What is expected: In the listing below, find the line that contains "Duchess of Cornwall" and the line that contains "Лёгкая текстура сыворотки". Quote both and every line between them, exactly, and nothing more.

Provided records:
····················
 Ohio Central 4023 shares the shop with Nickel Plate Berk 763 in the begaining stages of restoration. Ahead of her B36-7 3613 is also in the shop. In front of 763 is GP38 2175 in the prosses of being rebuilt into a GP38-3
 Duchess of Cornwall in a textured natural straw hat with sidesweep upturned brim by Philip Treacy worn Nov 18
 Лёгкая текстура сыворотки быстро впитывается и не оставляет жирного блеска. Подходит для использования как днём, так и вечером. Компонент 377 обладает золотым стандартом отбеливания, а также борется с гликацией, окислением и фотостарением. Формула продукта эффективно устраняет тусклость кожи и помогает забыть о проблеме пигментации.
····················
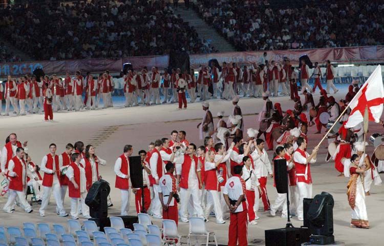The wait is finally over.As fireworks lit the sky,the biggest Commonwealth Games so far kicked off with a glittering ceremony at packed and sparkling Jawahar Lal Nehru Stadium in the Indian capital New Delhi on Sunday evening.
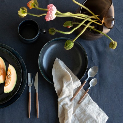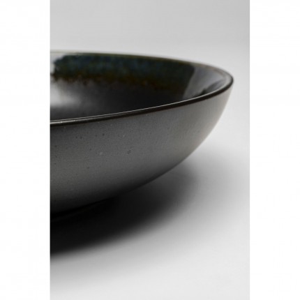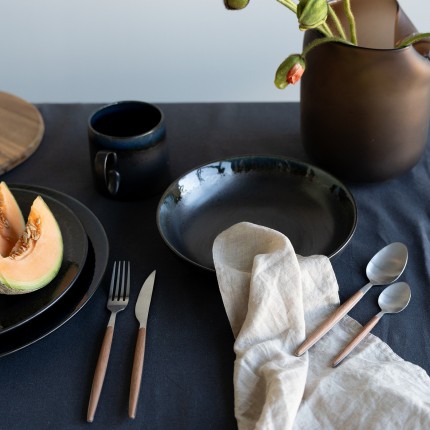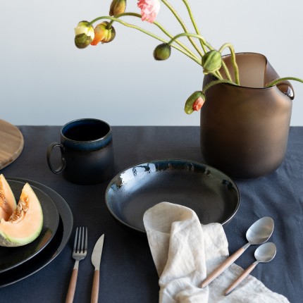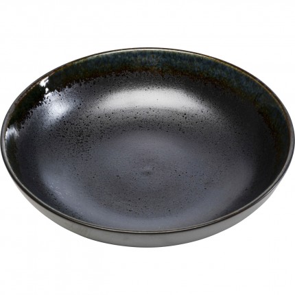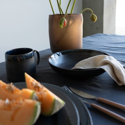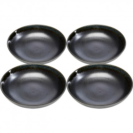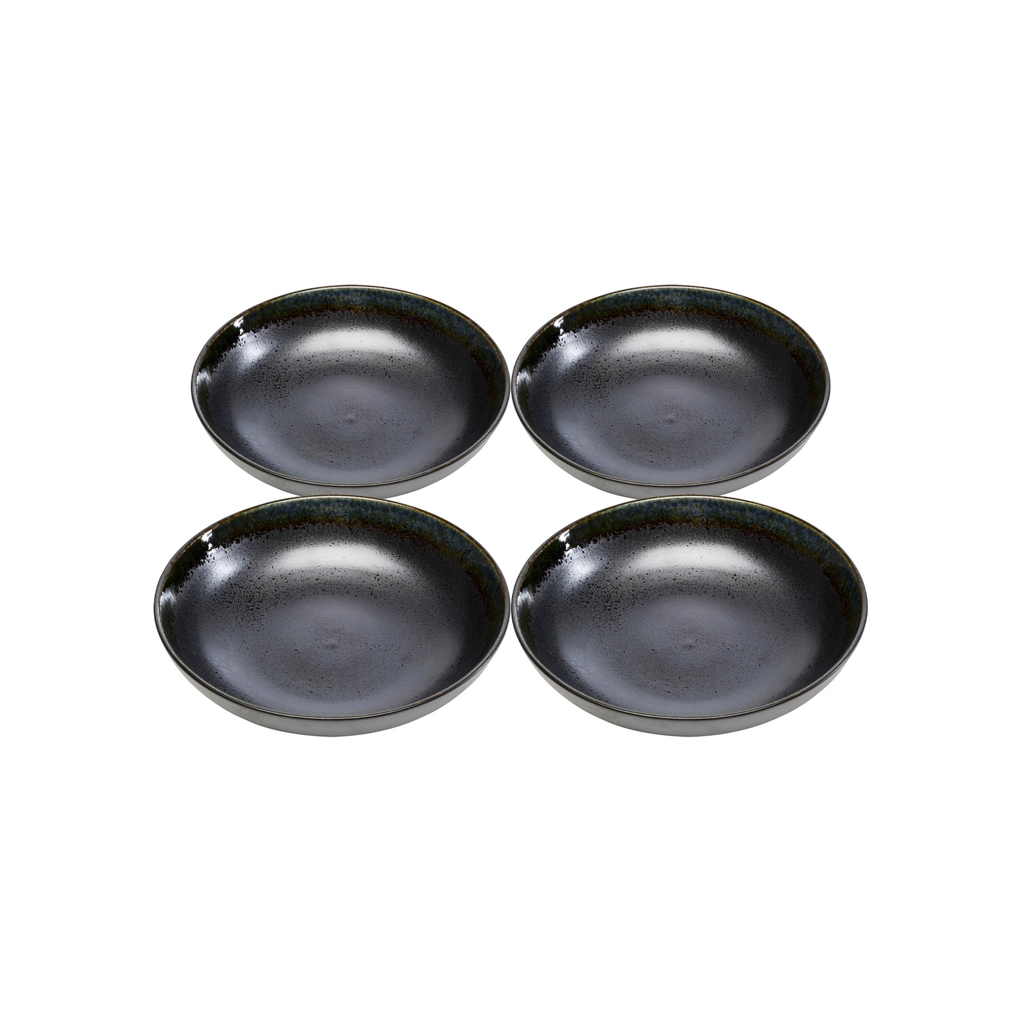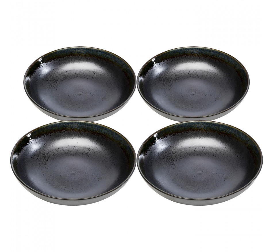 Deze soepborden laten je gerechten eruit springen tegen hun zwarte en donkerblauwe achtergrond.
····················
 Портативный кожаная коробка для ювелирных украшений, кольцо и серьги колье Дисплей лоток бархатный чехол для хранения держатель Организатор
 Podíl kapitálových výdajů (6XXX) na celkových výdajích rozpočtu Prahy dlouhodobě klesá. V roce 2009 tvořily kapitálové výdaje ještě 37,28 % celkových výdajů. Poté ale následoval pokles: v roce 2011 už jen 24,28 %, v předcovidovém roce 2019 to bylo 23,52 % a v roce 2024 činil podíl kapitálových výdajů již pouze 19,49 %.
····················
Result of this task:
 Duchess of Cornwall in a textured natural straw hat with sidesweep upturned brim by Philip Treacy worn Nov 18
 Лёгкая текстура сыворотки быстро впитывается и не оставляет жирного блеска. Подходит для использования как днём, так и вечером. Компонент 377 обладает золотым стандартом отбеливания, а также борется с гликацией, окислением и фотостарением. Формула продукта эффективно устраняет тусклость кожи и помогает забыть о проблеме пигментации.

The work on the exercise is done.